EMOCIONAL x MERECIMENTO

Adriano Simões Coelho afirma que a comida afeta o emocional das pessoas de diversas formas, para o bem e para o mal: “Podemos comer e nos sentir culpados, a comida pode nos remeter a momentos felizes e de conforto, pode ser só uma fonte momentânea de prazer, pode fazer parte de um momento cultural ou de uma grande experiência inesquecível. A verdade é que da comida não escapamos, sem ela não existimos e, por isso, temos que ter com ela a relação mais saudável e prazerosa possível”.

Na análise do psiquiatra, vale questionar por que o comfort food ganhou relevância nos dias de hoje: “Talvez o mais triste é ele ter tanta importância. O que demonstra certo distanciamento das origens e que, de certa forma, algo que poderia ser natural retorna muitas vezes para preencher vazios.
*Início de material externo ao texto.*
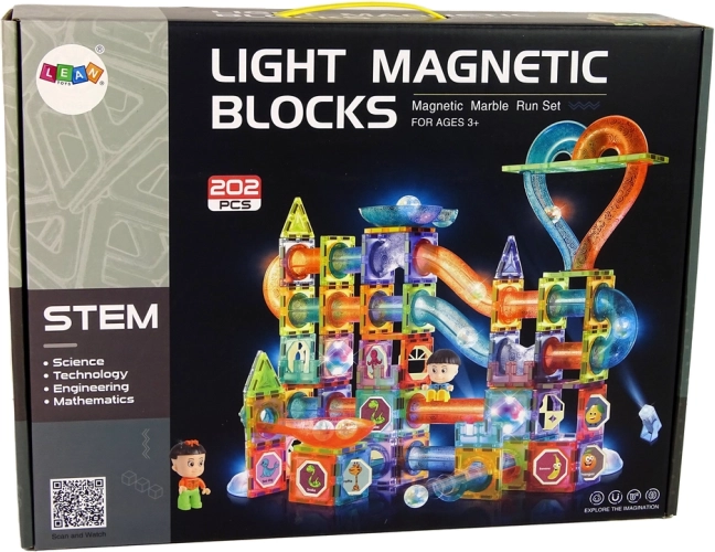 Oplev kreativ leg med et byggesæt, hvor magnetiske klodser kombineres med en lysende kuglebane. Sættet med 202 dele styrker finmotorik, kreativitet og logisk tænkning. Takket være LED-elementer og reflektorer er kuglernes tur endnu mere fascinerende – selv i mørke. En fantastisk gave til børn fra 3 år med sikre, certificerede materialer og enkel magnetisk samling.

E daí já se criam categorias que remetem ora a tempos bem vividos, que parecem falar de algo que já não se vive mais, ou que é preciso uma certa mudança de rota, de hábitos e até da promoção de facilidades, em busca de um suposto prazer e conforto, um merecimento”.

Na concepção de Adriano Simões Coelho, quando se fala em comfort food, relaciona-se com comida nostálgica, em que há um desejo de manter identidade e vínculos com aquele alimento de sua origem. As comidas de indulgência remetem a algo que conforta e que significa um certo “pé na jaca”, no qual o prazer é o objetivo principal. As comidas de conveniência facilitam a vida pelo seu preparo e obtenção fáceis, e as comidas que causam conforto físico, que a sua composição traz sensações prazerosas e de bem-estar. No final, todos esses parâmetros se misturam e fica difícil fazer uma identificação clara entre eles. Para o psiquiatra, se o comfort food vem para ocupar o espaço de emoções negativas pode ser um sinal não favorável, mas se é usado para remeter a momentos de prazer, para trazer boas lembranças, aconchego, encontros e inserida em contextos sociais positivos tem uma grande possibilidade de ser algo bom e recomendável. “De preferência, o comfort food não precisaria ser nomeado nem criado como uma peça de mercado, mas algo que faz parte do convívio social e familiar, que nos leva à cozinha, traz boas lembranças e promove bons encontros.”

Conforme Adriano Simões, de tanta regra, o prazer de comer tem ficado em segundo plano para milhares de pessoas: “E algumas apresentações desses padrões alimentares remetem a uma certa contemporaneidade do transtorno obsessivo-compulsivo, em que a saúde excessiva e a beleza passam a ser doença. A preocupação patológica com o corpo e com a imagem, a obsessão com alimentos saudáveis, só que em sua maioria sem embasamento algum e muitas vezes orientado por profissionais pouco habilitados ou que atuam de maneira pouco ética. Atitudes que, quando se tornam uma preocupação excessiva, são sinais sugestivos de transtornos psíquicos”.

LUGAR DE AFETO 


Para Adriano Simões, entre vários outros problemas, um país e um mundo em que o culto à imagem tomou dimensões patológicas fica cada vez mais difícil perceber equilíbrio e parâmetros saudáveis nos hábitos alimentares e nas preocupações estéticas de parte da população que tem esses valores como parte intrínseca de suas vidas. “Na maioria dos casos, percebem-se exageros, crenças infundadas e equívocos na procura por padrões, em sua maioria, inatingíveis. Em muitos casos com danos significativos para saúde física e mental.”

O alerta de Adriano Simões é que as pessoas precisam usar mais o cérebro para se alimentar melhor. Investir na chamada comida de raiz, aquela que é encontrada na feira: frutas, verduras, vegetais, proteína animal, arroz, feijão, ovos, lácteos etc. “Evitem alimentos muito processados. E não é conveniente posições rígidas, evitar algo pouco saudável, mas que se deseja, não significa não poder comer. Na verdade, a restrição costuma ser o primeiro passo para o desequilíbrio. O equilíbrio no hábito alimentar é o melhor caminho. Mas é preciso saber que, quando o perdemos, o caminho para reencontrá-lo e árduo e frequentemente malsucedido. Por isso, é preciso desde cedo cuidar da alimentação, nunca com uma abordagem excessivamente neurótica e restritiva. A comida jamais deve ser uma ameaça, mas um lugar de afeto, encontro, prazer e equilíbrio.”